SERIOUSLY NRA!!! Video games and movies AGAIN?! (Sorry y'all, I just saw it for the first time.)—
Natalie Brown (@nataliekins) December 22, 2012
It didn’t take long after the initial shock wore off for people to wonder whom to blame for the Sandy Hook Elementary massacre. We had a name, and then a photo of the shooter, but his death by his own weapon, coupled with a lack of information and a clear motive, left many wanting another target for their anger: guns, mental illness, an absence of God, violent movies or maybe video games. Many soon settled on the NRA as a suitable substitute.
In this morning’s presser, NRA chief Wayne LaPierre wasn’t willing to accept that role, deflecting blame on the media and entertainment industry. Obama advisor David Axelrod took an early swipe at video games and their role in our culture, and gamers made it clear they wouldn’t be associated with gun violence. LaPierre’s statement met with a similar response.
Fuck the NRA. They could have just supported the Second Amendment; instead they pointed a finger at the First. Cowards.—
(@chrisberez) December 21, 2012
LaPierre called out a handful of violent games, from mainstream hits like “Grand Theft Auto” to the obscure Flash game “Kindergarten Killer.”
Wayne LaPierre rips media for ignoring video game online called "kindergarten killers"—
Katie Pavlich (@KatiePavlich) December 21, 2012
NRA blasts violent video games as the problem!—
Charlie Spiering (@charliespiering) December 21, 2012
Both NRA opponents and supporters were unconvinced by the supposed link between video game violence and school shootings.
Violent video games? Come the eff on!—
Chris Barron (@ChrisRBarron) December 21, 2012
i was all in with LaPierre until this video game nonsense.—
David Harsanyi (@davidharsanyi) December 21, 2012
Not really thrilled the NRA is going after video games.—
Redness (@maryclimer) December 21, 2012
Right about the media, but blaming video games and movies is almost as dumb as blaming guns for violence.—
AG (D) (@AG_Conservative) December 21, 2012
Dear NRA, if getting rid of guns doesn't stop gun violence, what makes you think getting rid of video games would? Ugh.—
Emily Zanotti (@emzanotti) December 21, 2012
Instinct to ban violent movies/video games is like the instinct to ban guns. Doesn't address the real problem & punishes the law-abiding.—
Jedediah Bila (@JedediahBila) December 21, 2012
Does LaPierre think that video games are more to blame than the NRA's buying off of politicians? This man is devious and diabolical.—
(@rolandsmartin) December 21, 2012
NRA logic: kids play too many video games with guns in them. We need more guns in every school—
Arianna Huffington (@ariannahuff) December 21, 2012
I love the NRA but they need to relax on blaming video games. Thats an idiotic statement. Blame the people who kill.

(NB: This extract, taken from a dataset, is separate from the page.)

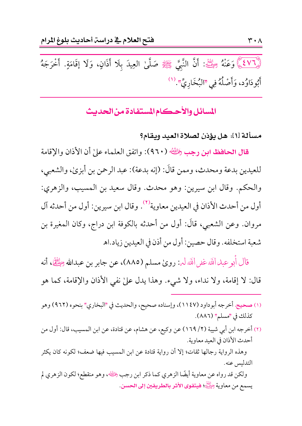 ويدل على نفي قولهم: (الصلاة جامعة)، كما هو قول الجمهور، خلافًا للشافعي، وبعض الحنابلة، وقد تقدمت هذه المسألة في كتاب الأذان من هذا الكتاب، ولله الحمد.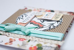 - Layer patterned papers and ribbons to the surface of a 5.5 inch x 7 inch card and adhere the die.

Period.—
Josh C (@joshc333) December 21, 2012
Hey NRA, I play video games. In the wrong hands your hobby kills people. In the wrong hands my hobby is mistaken for a remote by old people.—
Dave Columbo (@DavidColumbo) December 22, 2012
Not everyone was so quick to dismiss a connection between games and violence in American culture.
Thank you NRA for going after violent video games. Media isn't talking about it, but it's a problem. It's corruption, not "entertainment."—
Demetrius Minor (@dminor85) December 21, 2012
For now, though, the NRA seems to have few allies in its crusade against violent entertainment, and this morning’s presser might have cost it the support of those who enjoy shooting firearms, even if they’re virtual ones.